Wednesday, January 14, 2009

Unbelievable

We got another bill today for bloodwork. We don't have maternity coverage. Nelson has his own business...so we have private insurance, and not group insurance. No private insurance comes with maternity, you can add it on...but by the time you negotiate with the hospital it makes more sense to not add on maternity (every insurance rep has told us this too). Well, if you have a baby it's not a huge deal money-wise. However, if you have nothing but pain to show for it's freaking unbelievable. We added up all the bills today, and it's cost us $8000 and no baby. Praying we can pay all this off soon, and have enough money to try again soon. I have been more down lately and I think it's because we're able to ttc soon, and I'm absolutely terrified of going through this again.
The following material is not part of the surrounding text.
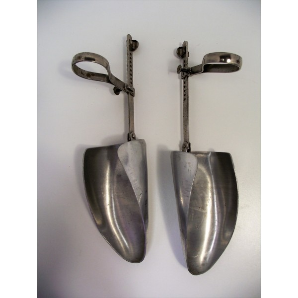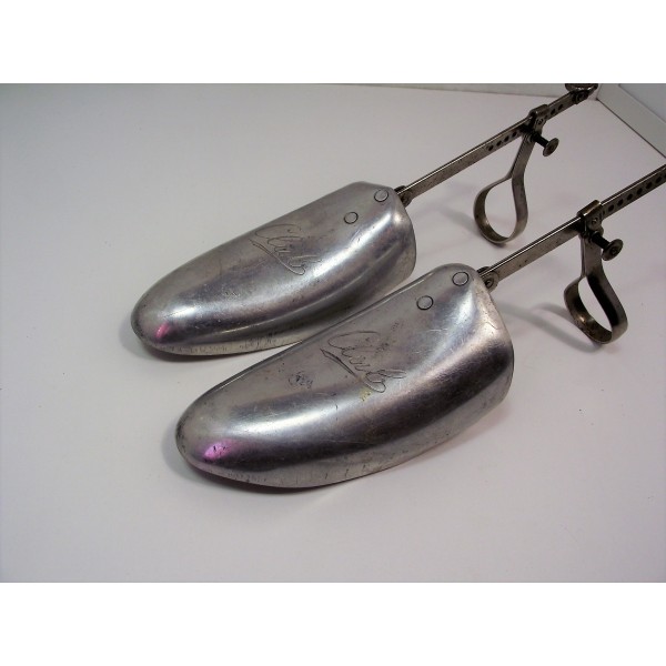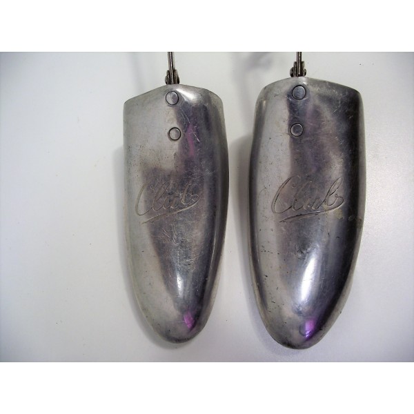 Paire d'embauchoirs en aluminium anciens de marque club, taille 4, pliant.

My hope and want for a baby outweighs the fear, so I am ready to try again...I just pray pray pray it's a healthy baby next time....I also hope it happens soon. It's so emotionally draining on me.

My Nannie passed away 11 years ago today. I always think about her more when this day approaches...on a great note Evan got to go home today...YAY! My mom goes for a stress test on Friday and we'll see if she needs a stint or what the next step is then...

This is not an up-beat post at all...just feeling blah. It comes and goes. I am grateful for so much, and I try to remind myself of that everytime I feel this way.